I'm using another computer now so the results are not comparable from the previous ones (~5ms then compared to ~10ms now) but as we can see CopyTo obviously and clearly took longer than WriteOnly. To remove the possibility that Read is cached, I performed a File.Copy to a fresh file before each iteration. This is the code.

using BenchmarkDotNet.Attributes;

namespace Benchmark;

public class CopyFile
{
    [Params(32 * 1024, 64 * 1024)]
    public int BufferSize;
    private byte[] _data;

    [GlobalSetup]
    public void GlobalSetup()
    {
        _data = new byte[16 * 1024 * 1024];
        Random.Shared.NextBytes(_data);
    }

    public string ReadFileName;

    [IterationSetup]
    public void Setup()
    {
        var originalFileName = @"C:\Users\congthanh.nguyen\Downloads\something.mp4";
        ReadFileName = $@"C:\Users\congthanh.nguyen\Downloads\something {Guid.NewGuid()}.mp4";
        File.Copy(originalFileName, ReadFileName);
    }

    [Benchmark]
    public async Task CopyTo()
    {
        await using var readStream = new FileStream(ReadFileName, FileMode.Open, FileAccess.Read, FileShare.Read, BufferSize, FileOptions.Asynchronous);
        await using var writeStream = new FileStream($@"C:\Users\congthanh.nguyen\Downloads\something {Guid.NewGuid()}.mp4", FileMode.Create, FileAccess.Write, FileShare.None, 0, FileOptions.Asynchronous | FileOptions.DeleteOnClose);
        await readStream.CopyToAsync(writeStream, BufferSize);
    }

    [Benchmark]
    public async Task WriteOnly()
    {
        await using var writeStream = new FileStream($@"C:\Users\congthanh.nguyen\Downloads\something {Guid.NewGuid()}.mp4", FileMode.Create, FileAccess.Write, FileShare.None, 0, FileOptions.Asynchronous | FileOptions.DeleteOnClose);
        var length = BufferSize;
        for (int start = 0; start < _data.Length; start += length)
        {
            await writeStream.WriteAsync(_data.AsMemory(start, length));
        }
    }
}

Clockwork-Muse Aug 26, 2024
Collaborator

My network read only test took 5ms, comparable with write only which also took 5ms.
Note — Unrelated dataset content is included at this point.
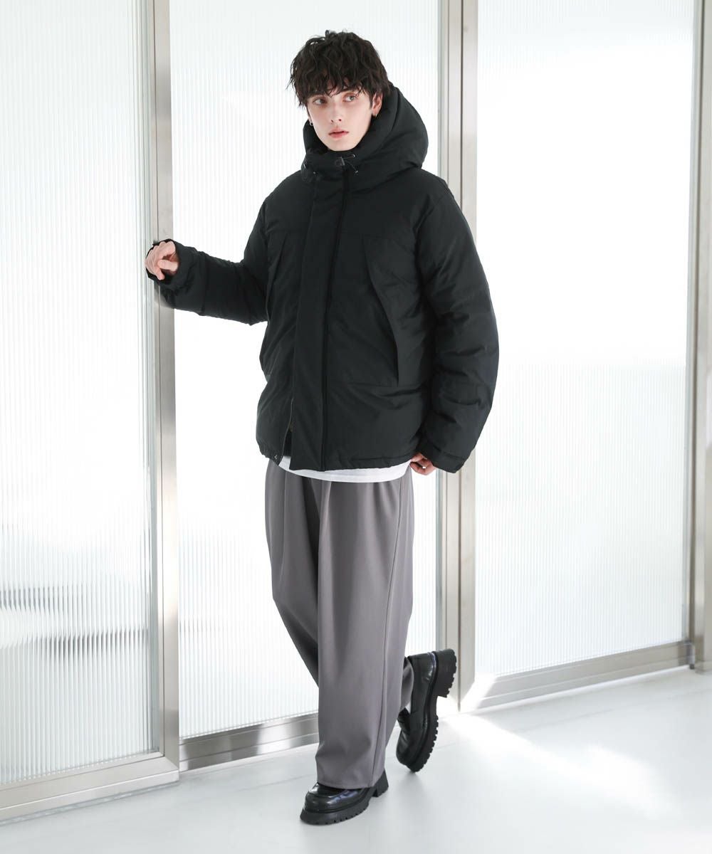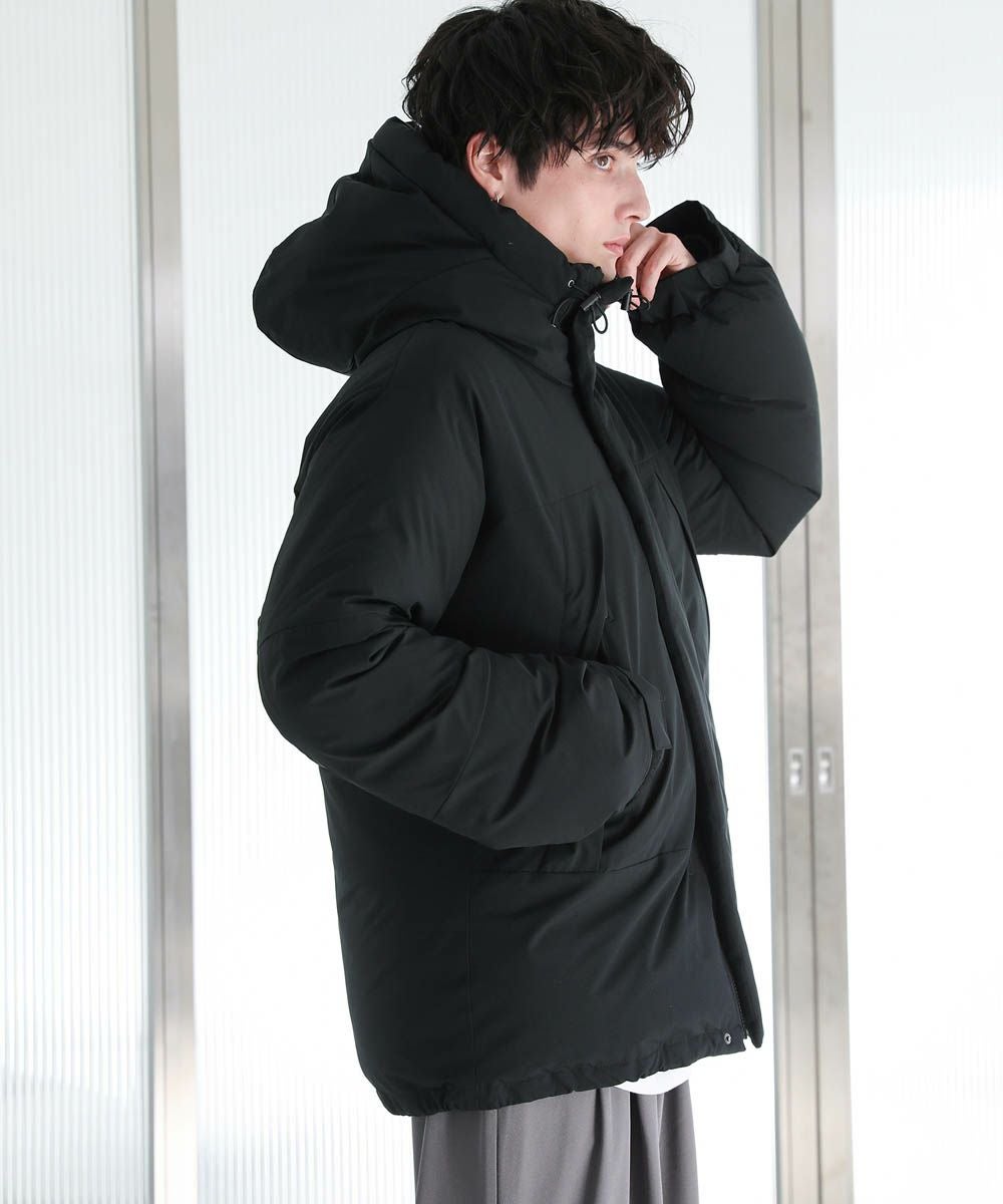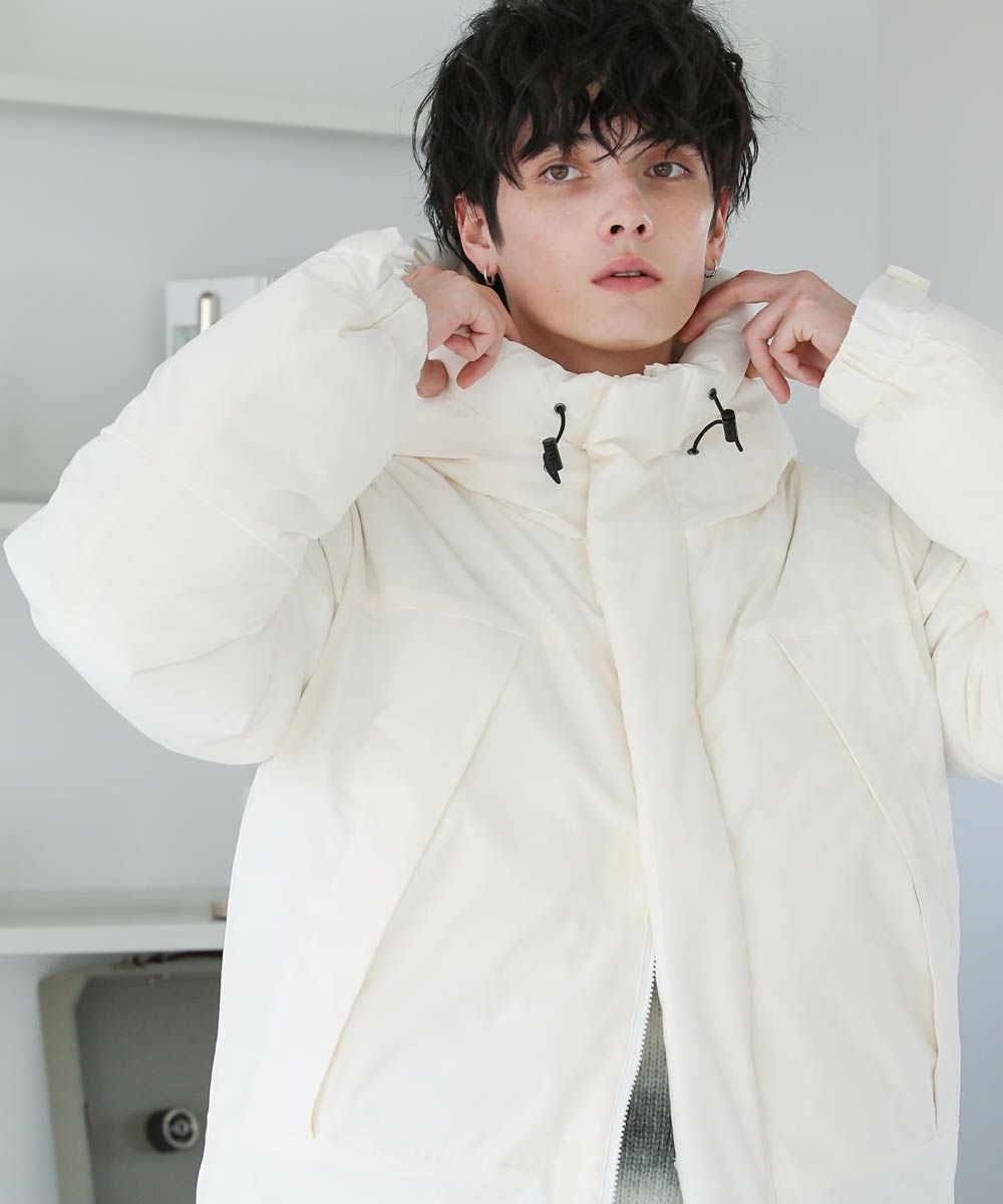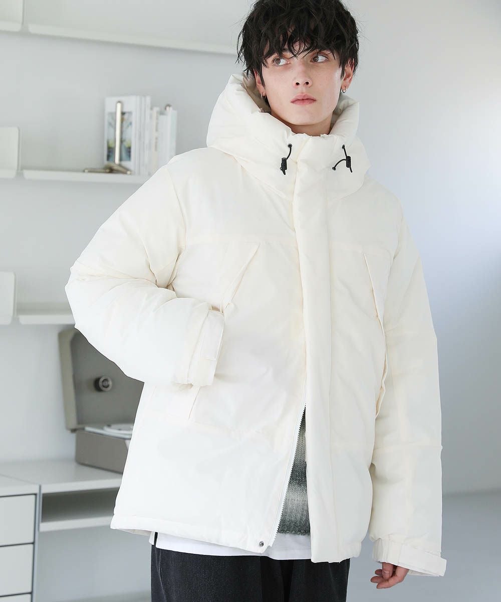 ボリュームのあるスタンドネックフードが防寒性を高める中綿ブルゾン。身幅を広く取ったビッグシルエットが今っぽく、存在感のある1着。風の侵入を防ぐスタンドネック仕様のフードや、比翼仕立てのフロントジップ、袖口のストラップなど、寒さを防ぐためのディティールにも拘って作られています。また、裾にはドローコードを施しているため風の侵入を防ぐ他、シルエットに変化をつけることも可能。フードまでしっかりと詰まった中綿がボリューム感を出しつつも、シームレスデザインですっきりとした印象で着こなせます。

I however don't think 2ms is too trivial compared to 5ms. Cut that corner still saves us 2/7 = 30% duration.

No, parallel execution doesn't work that way. There's always overhead for multithreading scenarios, especially for async like this where you're switching contexts. How much the overhead is depends on a few factors. It's part of the reason why the smaller buffer sizes were taking longer (more suspension/context switches).

What you implied was that the CPU time is non-trivial compared to the I/O time in a pure wrapper for OS call to I/O.
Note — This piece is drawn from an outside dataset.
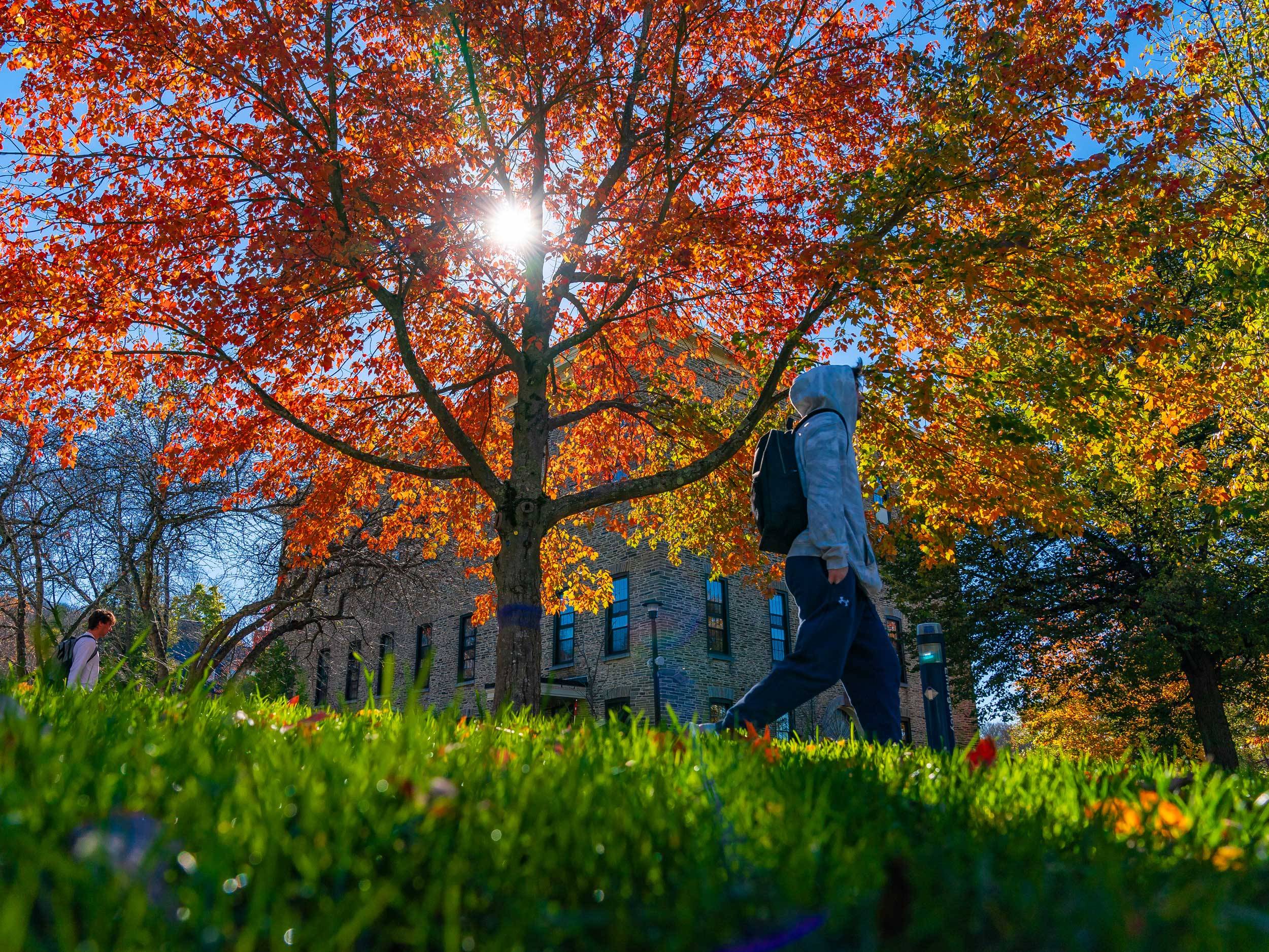 As we headed into autumn this year, I had heard from not only the weather forecasts but also members of the community that this season was not going to be good for foliage photos due to too many warm nights in September. I still sought out areas that had particularly promising trees and worked on a different approach to photographing scattered pockets of color, like this tree on the Academic Quad in front of Alumni Hall.

Possibly non-trivial, but really the comment was more about the fact that it doesn't start immediately.

Your isolated-write test had some issue for sure because only Write cannot take twice as long as the combination of Read/Write. It should take less time if anything. I repeat that test and this is my result.

I had thought that the slowness was due to the need to create multiple Memory instances (Well, really when Span gets created farther down the stack), but maybe not. I may need to tune my WSL distro/run things more isolated. At least part of that was due to using the raw backing array directly was yielding nanosecond runtimes.

To remove the possibility that Read is cached, I performed a File.Copy to a fresh file before each iteration. This is the code.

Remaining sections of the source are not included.